Core Concepts
Web publishers are increasingly seeking ways to keep their content out of the training datasets for generative AI models in order to safeguard their intellectual property. New technical standards and opt-out protocols are emerging to empower publishers with finer control over how their data is used by AI applications.
Abstract
This paper provides a comprehensive overview of the legal and technical landscape surrounding web content control for generative AI.
The legal background section outlines the key intellectual property and data protection regulations in the EU and US that govern the use of web content, particularly in the context of text and data mining (TDM) activities.

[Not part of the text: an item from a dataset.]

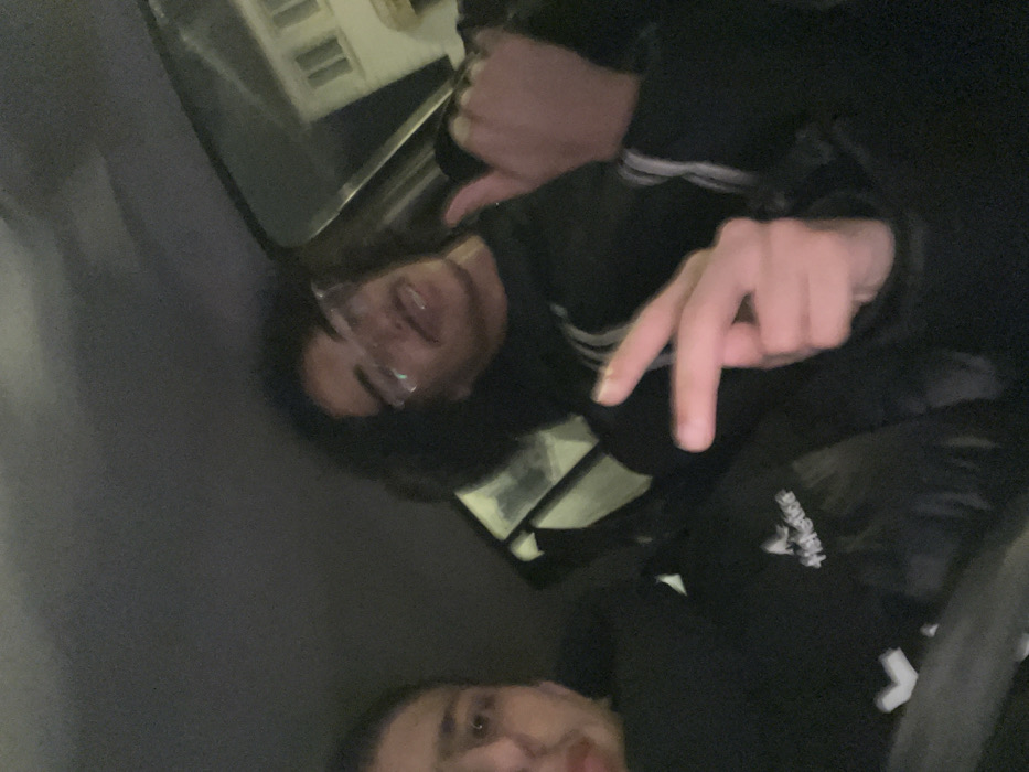 two people inside a car, likely at night. One person with curly hair and glasses is visible towards the top, while another is seen partially at the bottom. One hand is making a "peace" sign. A building's reflection is seen in the car window. The overall lighting is dark.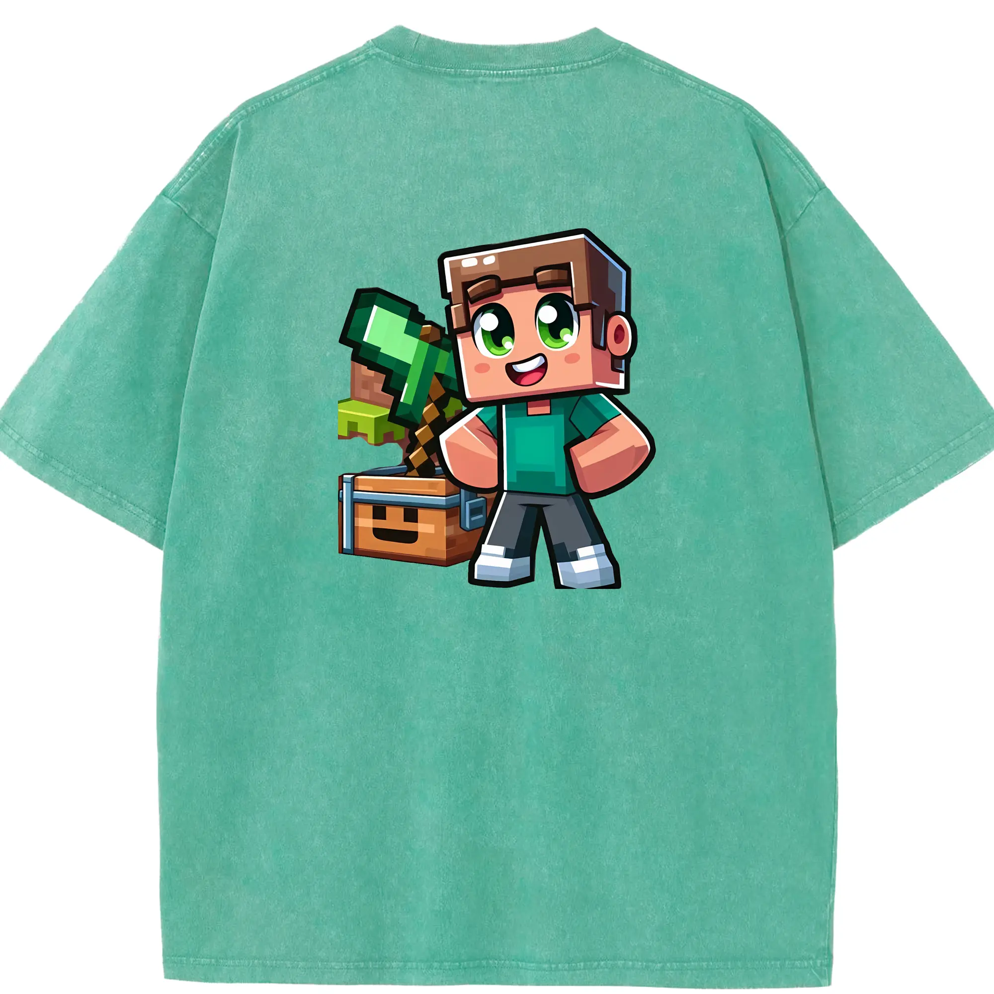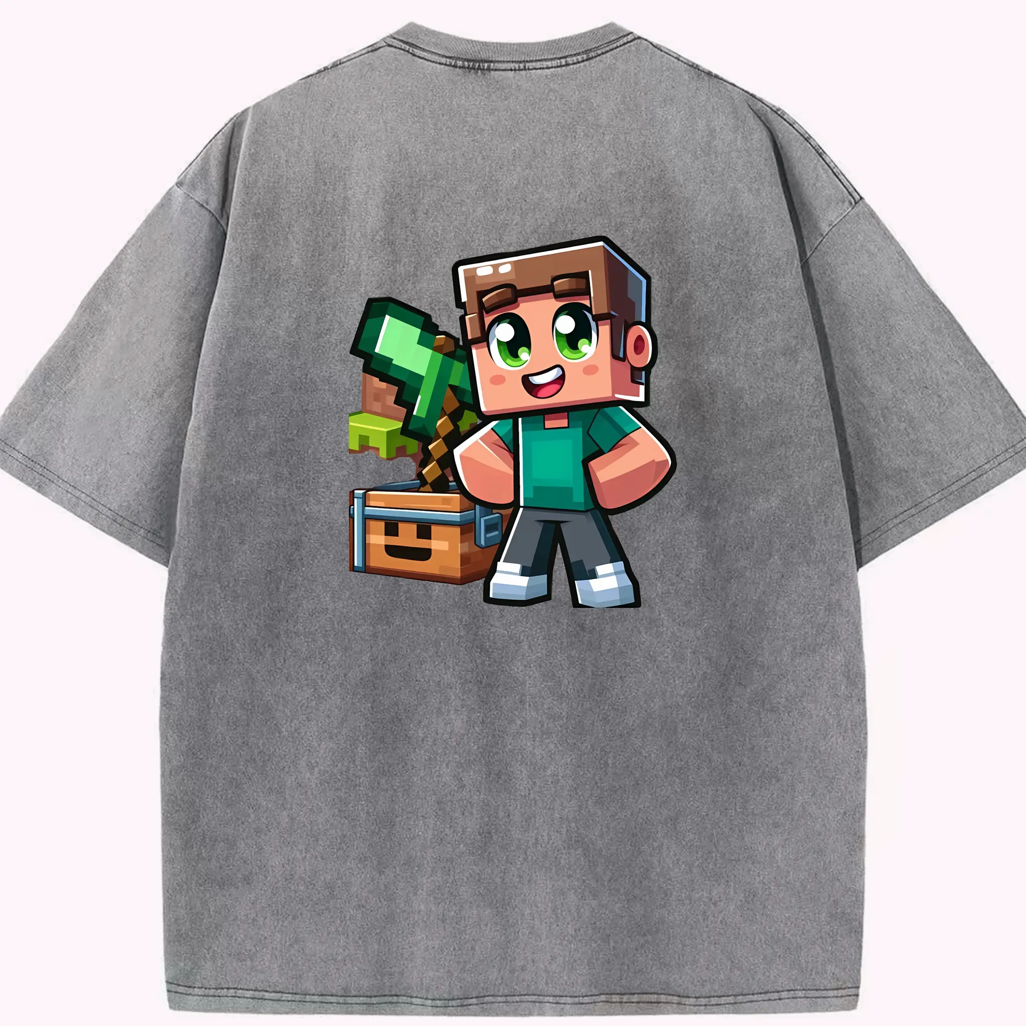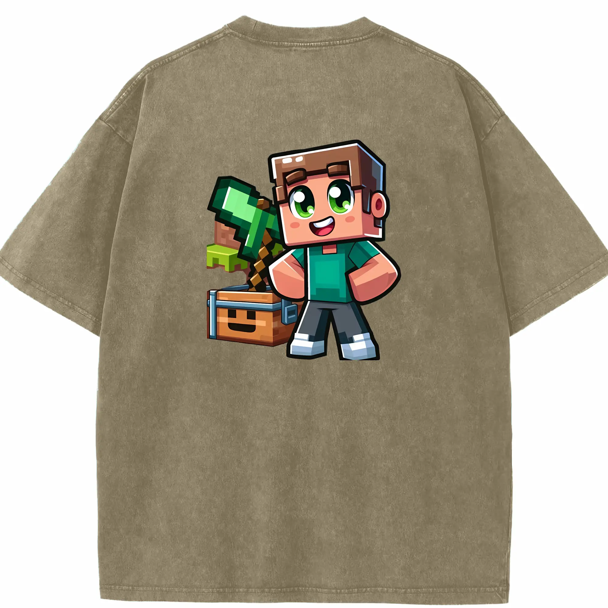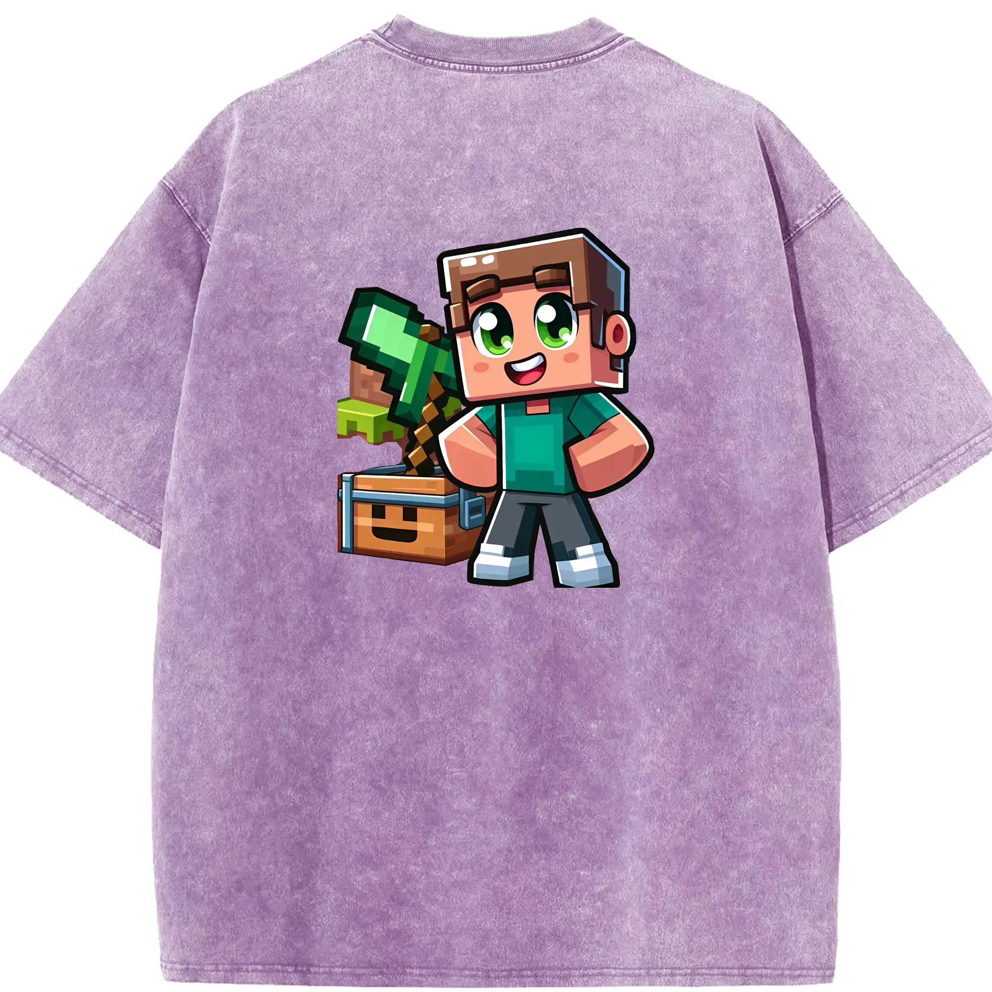 マイクラ グッズ マイクラ - 綿100% ヴィンテージ風 半袖Tシャツ ・ フロントプリント ・ 柔らか肌触り ・ 通気性 快適 ・ スポーツ カジュアル 外出用

The EU's 2019 DSM Directive offers a regulatory framework that allows rightsholders to opt out of certain TDM uses through machine-readable formats.
The technical background section introduces the Robots Exclusion Protocol (REP) as the dominant mechanism for content control on the web, as well as various past and present initiatives to extend or refine this protocol, such as ACAP, RightsML, and C2PA. However, these existing standards have limitations in addressing the specific needs of web publishers in the face of generative AI advancements.
The paper then evaluates six recent ad hoc standards that have emerged to provide opt-out mechanisms for web publishers, including enhancements to robots.txt, usage-specific user agents, the learners.txt file, new meta tags, image metadata, and the TDM Reservation Protocol. These proposals are assessed based on their technique, level of granularity, associated terms, and scope of the opt-out.
An empirical study is also presented, which examines the current adoption rates of these various opt-out approaches across a large sample of websites. The findings suggest that while some initiatives, such as usage-specific user agents, have seen notable adoption, the overall landscape remains fragmented, with most ad hoc standards still struggling to gain widespread traction among web publishers.
The paper concludes that the current technical solutions are either idealistic and poorly adopted, or specific to certain AI applications, leaving webmasters with the overwhelming task of implementing multiple micro-standards to protect their data from unwanted AI/ML-related use. The need for a more comprehensive and widely accepted standard remains a key challenge in this evolving landscape of web content control.